Though I have watched the two tutorials on GNU Parallel in youtube and have gone through the many examples of the README file, I haven't been succesful in finding an answer for this situation, so I would really appreciate if you could help me solve this.

python parallel bash • 11k views
2
Entering edit mode

Note that you can also use threading really easily from within Python: http://docs.python.org/library/multiprocessing.html

1
Entering edit mode

Not sure this is a bioinformatics question. What are the ":::" doing? did you try "parallel python -- your-prog.py"

0
Entering edit mode

Is it possible/necessary to put the python call into a separate bash file (e.g. run.sh)? It might be a problem with the input/output redirection or piping...

0
Entering edit mode

Thanks all for the suggestions. Though I don't think it could be strictly categorized as a bioinformatics question I assumed it may be relevant for the community.
brentp: The ":::" are used by GNU Parallel for specifying arguments from the command line. I tried with your option but the "Input from tty" line shows it is not useful.
cjt: I tried with calling python from a separate bash file and using parallel to call that file but it is not working either.
Michael Schubert: I would definitely use threading from within Python in other cases but for this job I need to use parallel.

10
Entering edit mode
10.8 years ago
tange ▴ 190

First it is good to see a fellow bioinformatician use GNU Parallel.

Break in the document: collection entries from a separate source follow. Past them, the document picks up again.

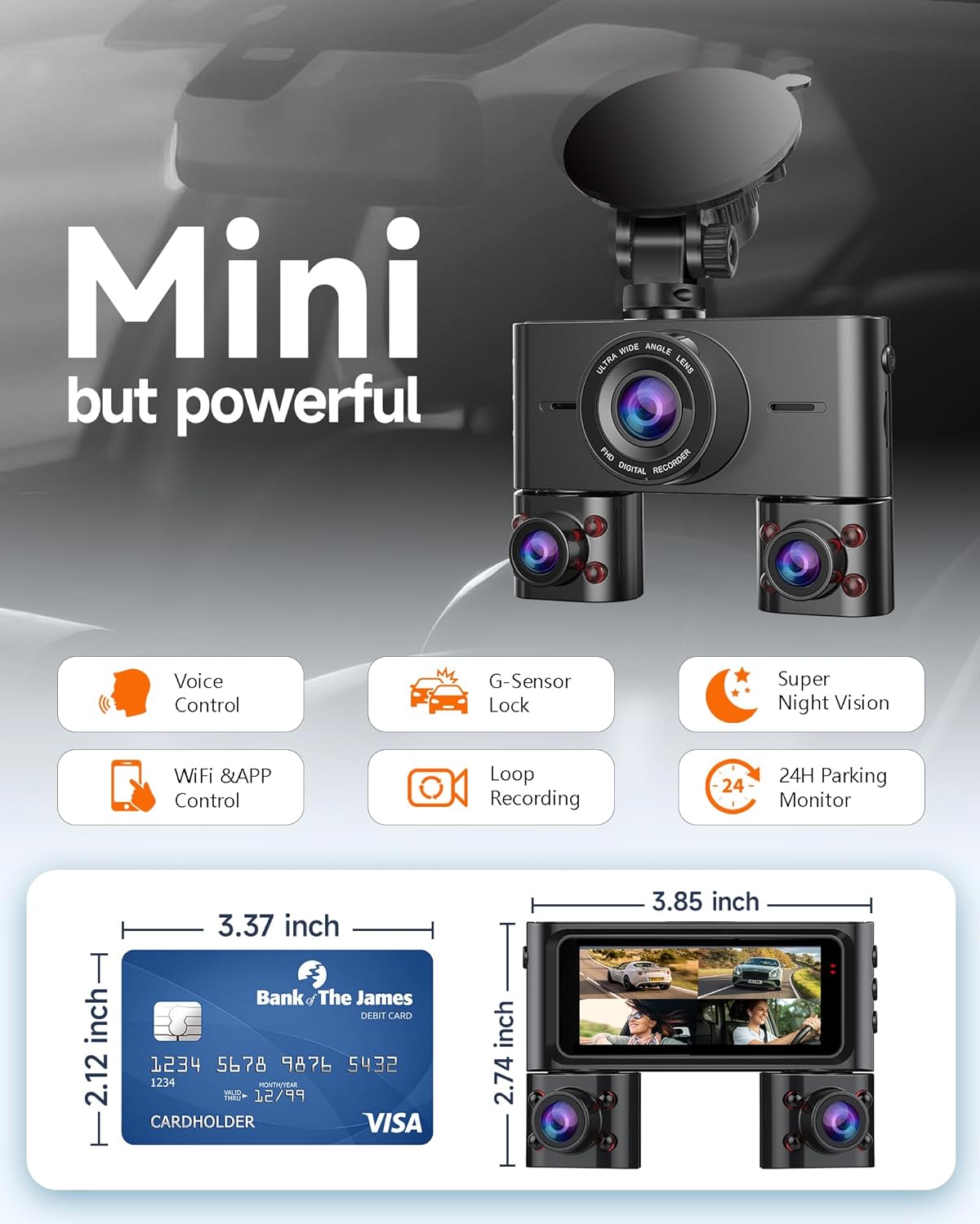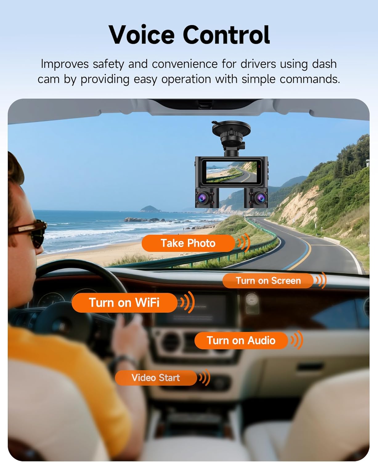【Voice Control Dash Camera】The dash camera with voice control function allows you control the dash cam with spoken commands (in English), so you can keep your hands on the steering wheel and focus on safe driving. All you need to do is say commands to take photo, start video, turn on/off audio, turn on/off WiFi, turn on/off screen, etc. Everything will be easier and more convenient. (NOTE: Only the voice option in the menu is supported). If you have any questions, please email us anytime
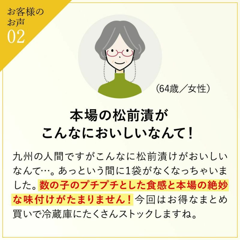 ロングセラーの人気商品! 数の子70%の贅沢松前漬をたっぷり4パックセットでお届け。ぷりぷり食感と濃厚な旨味を存分に堪能できます。
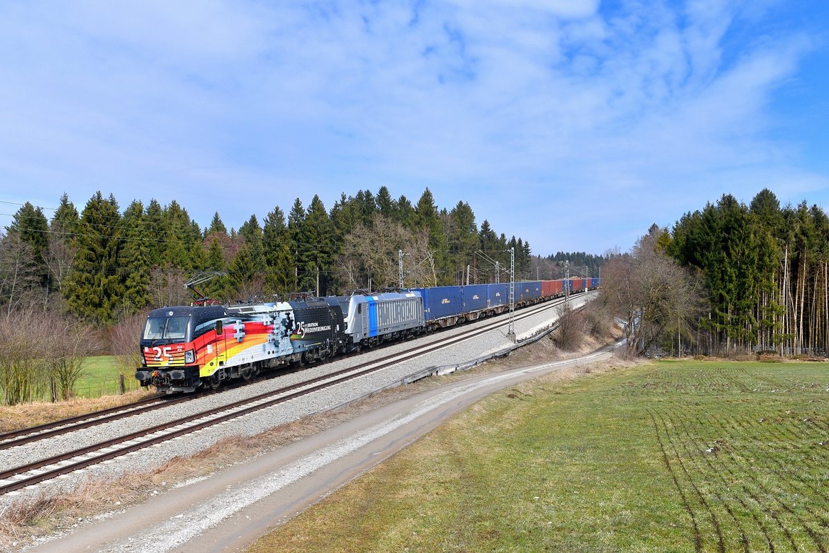 193 282 ELL/TXL mit einem Containerzug bei Gundelsheim Richtung Donauwörth, 28.06.2019
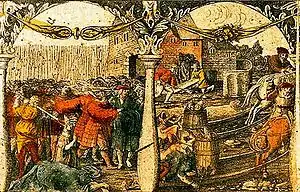 Массовые кровопролития известны с глубокой древности (эфесская вечерня, избиение младенцев) и средневековья (резня латинов, сицилийская вечерня). Французский термин massacre (букв. «убой животных») получил широкое распространение в английском и других европейских языках для обозначения массового вырезания гугенотов в Варфоломеевскую ночь 1572 года. Данный термин является оценочным и эмоционально окрашенным; его употребление подчёркивает отсутствие валидного морального обоснования для казней[1].

Secondly it is good to learn you have watched the 4 intro videos: http://www.youtube.com/watch?v=OpaiGYxkSuQ http://www.youtube.com/watch?v=P40akGWJ_gY http://www.youtube.com/watch?v=1ntxT-47VPA http://www.youtube.com/watch?v=fOX1EyHkQwc and that you have browsed through the examples: http://nd.gd/u3

GNU Parallel does not parallelize the internals of an existing program. What it can do, however, is call the same program with different arguments. So if you normally do:

MainMult.18136.py foo.fasta
MainMult.18136.py bar.fasta


you can parallelize this by running 2 MainMult.18136.py in parallel like this:

parallel MainMult.18136.py ::: foo.fasta bar.fasta


If your program has the filenames hardcoded in the program then GNU Parallel cannot parallelize the task for you. The filenames must be given on the command line.

Alternatively, if the program reads from standard input (stdin) and you normally do:

cat foo.fasta bar.fasta | MainMult.18136.py


then you can parallelize this by using GNU Parallel --pipe:

cat foo.fasta bar.fasta | parallel --pipe --block 10M --recstart '>'  MainMult.18136.py


This will chop the input into 10 MB sized chunks and pass them on to MainMult.18136.py on standard input (stdin). Each chunk will be chopped at a '>' which is where a FASTA record starts.

If what you normally do is:

MainMult.18136.py
MainMult.18137.py
MainMult.18138.py


that is, run a bunch of different programs that happen to have the arguments hardcoded in each of them, then you can do:

parallel ::: MainMult.*.py


or:

ls | grep MainMult | parallel


However, from your description of the Python script it seems you normally do:

MainMult.18136.py


(only one program with no arguments and no reading from standard input). In this situation GNU Parallel is unable to parallelize the task. My advice is to change the Python script so that it takes the filenames as its arguments from the command line.

0
Entering edit mode

I have seen the files and read the examples but I couldn't make my script work.

The FASTA files are directly called in the MainMult.18136.py file in the following way: 1) A variable is defined pointing to the file: work_file = "/home/me/Prog/Seqs.fasta" 2) The filename is specified as one of many parameters in the proper function call: Run("Seqs.fasta", 7, 100, True, 0.63, True, False, 0.98, False, False)

The point here is that the MainMult.18136.py runs from command line, but not if called with parallel.

0
Entering edit mode

@NPalopoli: Not sure I understand; are you iterating over lists of FASTA files and function arguments within the script itself?

0
Entering edit mode

The key is that (and I cite you), "GNU Parallel does not parallelize the internals of an existing program". I've made different python scripts for each Fasta file and managed to run the program by following your advice and calling: parallel ::: MainMult.*.py. Thanks a lot for your help!